# Solutions, molarity and dilution

## Definitions and examples of how to calculate molarity and prepare dilutions

### Solutions

A solution is in chemistry defined as:

1. A homogeneous mixture composed of two or more substances.
2. The process by which a gas, liquid, or solid is dispersed homogeneously in a gas, liquid, or solid without chemical change.
3. As an example; such a substance, as dissolved sugar or salt in solution.

The substance (most often a liquid) in which another substance dissolves is called the solvent, while the dissolved substance is called the solute.

The solution assumes the characteristics of the solvent (i.e., its phase) when the solvent is the larger fraction of the mixture, as is commonly the case. From this, the solute is usually the component of a solution present in the lesser amount.

The solubility of a substance in another is not unlimited, and  how much solute you can solve in a solvent varies a lot.

The concentration of a solute in a solution is can be given as

1. the mass of solute expressed as a percentage of the mass of the whole solution,  which is the mass%
2. the volume of solute expressed as a percentage of the volume of the whole solution, which is the volume%
3. the number of moles of the solute in a given volume of the whole solution, whis is the molarity.
4. the number of moles of the solute in a given mass of the solvent, which is the molality.
5. the ratio between the number of moles of the solute  and the total number of moles of the solution, which is the molar fraction.

### Molarity

Molarity expresses the molar concentration of a compound in a solution, how many moles of the solute in a given volume of the solution:

M = n / V          [1]

n: number of moles of solute [mol]

M: Molarity of the solution [mol/L] or [M]

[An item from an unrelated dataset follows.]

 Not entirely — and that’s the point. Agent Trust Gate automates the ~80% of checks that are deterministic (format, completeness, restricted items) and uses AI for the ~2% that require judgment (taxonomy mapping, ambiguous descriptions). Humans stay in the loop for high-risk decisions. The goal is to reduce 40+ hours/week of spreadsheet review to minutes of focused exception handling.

V: volume of the solution [L]

The unit for molarity is molar, with the symbol M: 1 M = 1 mol/L, where L refers to the volume of the whole solution. A solution with a concentration of 1 mol/L is equivalent to 1 molar (1 M).

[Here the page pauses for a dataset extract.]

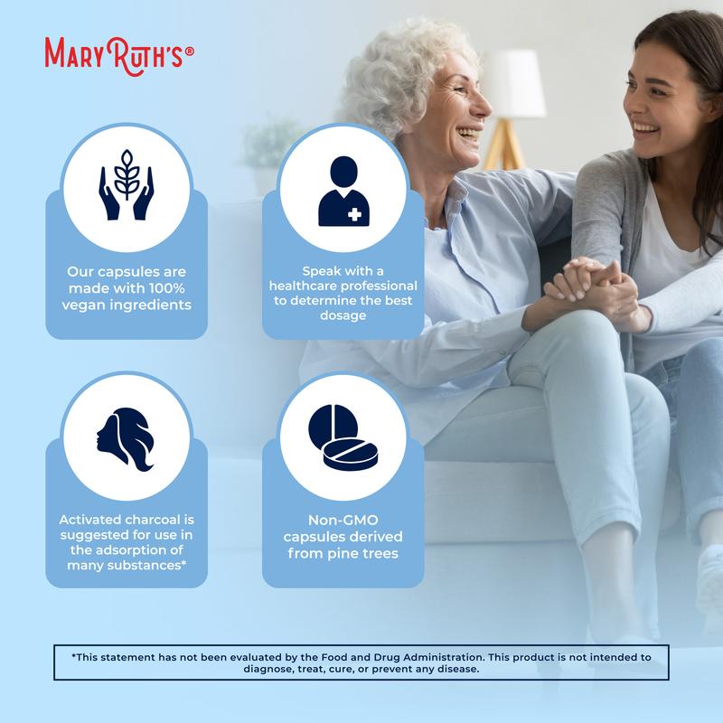 For Most Lifestyles: MaryRuth's Activated Charcoal Capsules are Vegan, Non-GMO Project Verified, Dairy Free, Nut Free, Gluten Free, Soy Free, Sugar Free, Shelf Stable. Made in a GMP Facility. Clean Label Project Certified. B Corp Certified.

From the definition, we can calculate the number of moles of the solute, n,:

n = M * V        [2]

### Dilution

Dilution is the prosess where a solution is added more of the solvent to decrease the concentration of the solute.

In dilution, the amount of solute does not change, the number of moles are the same before and after dilution.

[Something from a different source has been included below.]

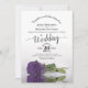 Cette belle faire-part de mariage présente un superbe design floral avec de la calligraphie en dentelle et un seul rose améthyste à long tige violet couleur mauve allongé sur son côté miroir dans un bassin d'eau. Le dos vous permet de lister les détails et les informations ainsi qu'un code QR personnalisable pour diriger vos invités vers votre site Web mariage pour des informations et/ou vers RSVP. L'invitation est conçue de façon à ce qu'elle fonctionne bien avec un standard ou une arche coupée. Élégante, élégante, chic et glamour, cette invitation fera une impression durable et est une merveilleuse façon d'invitation vos invités à partager votre joie dans votre journée spéciale.

If subscript "i" represents initial and "f" represents the final values of the quantities involved, we have:

ni = Mi * Vi    and   nf = Mf * Vf

ni = nf   and thus,

Mi * Vi = Mf * V               [3]

From this we can calculate the final molarity after dilution:

Mf = Mi * Vi / Vf          [4]

or we can calculate the needed final volume to reach a wanted final molarity:

Vf  = Mi * Vi / Mf          [5]

### Example 1

You add 200 gram of salt (NaCl) into enough water to make exactly 5 L of a salt water solution.  What is the molarity of the sloution?

Molweight of Na is 22,99 g/mol and molweight of Cl is 35,45 g/mol.

Molar weight of NaCl:   22.99 [g/mol] + 35.45 [g/mol] = 58.44 [g/mol]

Number of moles of NaCl:  200 [g] /58.44 [g/mol] = 3.42 [mol NaCl]

Molarity of solution: 3,42 mol NaCl / 5 L solution = 0.684 mol/L = 0.684 M

### Example 2

You want 2 liter of a 1M solution of acetic acid (CH3COOH) in water. How much 100% acetic acid do you need to add (in mol, in gram and in liter)?

1M solution means 1 mol acetic acid per liter of solution.

Moles needed to 2 liter solution:  2 [L] * 1 [mol/L] = 2 mol acetic acid

Molweight of C: 12.01 g/mol, molweight of H: 1.01 g/mol, molweight of O: 16.00 g/mol.

Molweight of acetic acid: 2*12.01 [g/mol]+ 4*1.01 [g/mol] + 2*16.00 [g/mol] = 60.06 [g/mol]

Gram needed to 2 liter solution: 2 [mol] * 60.06 [g/mol] = 120.12 g acetic acid

Density of 100% acetic acid at 20°C is 1.048 g/cm3

Volume needed to 2 liter solution: 120.12[g] / 1.048 [g/cm3] = 114.62 cm3 = 114.62 ml = 0.115 L acetic acid

Practical tip: Never start with adding water to acid! Use a container with a precise definition of 2 L. Add 1 liter water and then 0.115 L acetic acid (measured at 20°C) and rotate the container to blend the liquids.  Add carefully more water untill you reach 2 liter total volume.

### Example 3

You have 500 mL left of the solution with 1M acetic acid. Now you need 100 mL of a 0.3M solution. How can you make that without using more of the 100% acetic acid?

The simplest way is to dilute the 1M solution, which we do by adding more water to it.

From equation [3] above:

Vf = 100 mL=0.100 L   and  Mf = 0.3M = 0.3 mol/L

Mi= 1M = 1 mol/L,   while   Vi = unknown  (we dont know how much we need of the starting solution)

Vi = Vf * Mf /Mi   =  0.100 [L] * 0.3 [mol/L] / 1[mol/L] = 0.03 [L] = 30 mL of the 1M solution.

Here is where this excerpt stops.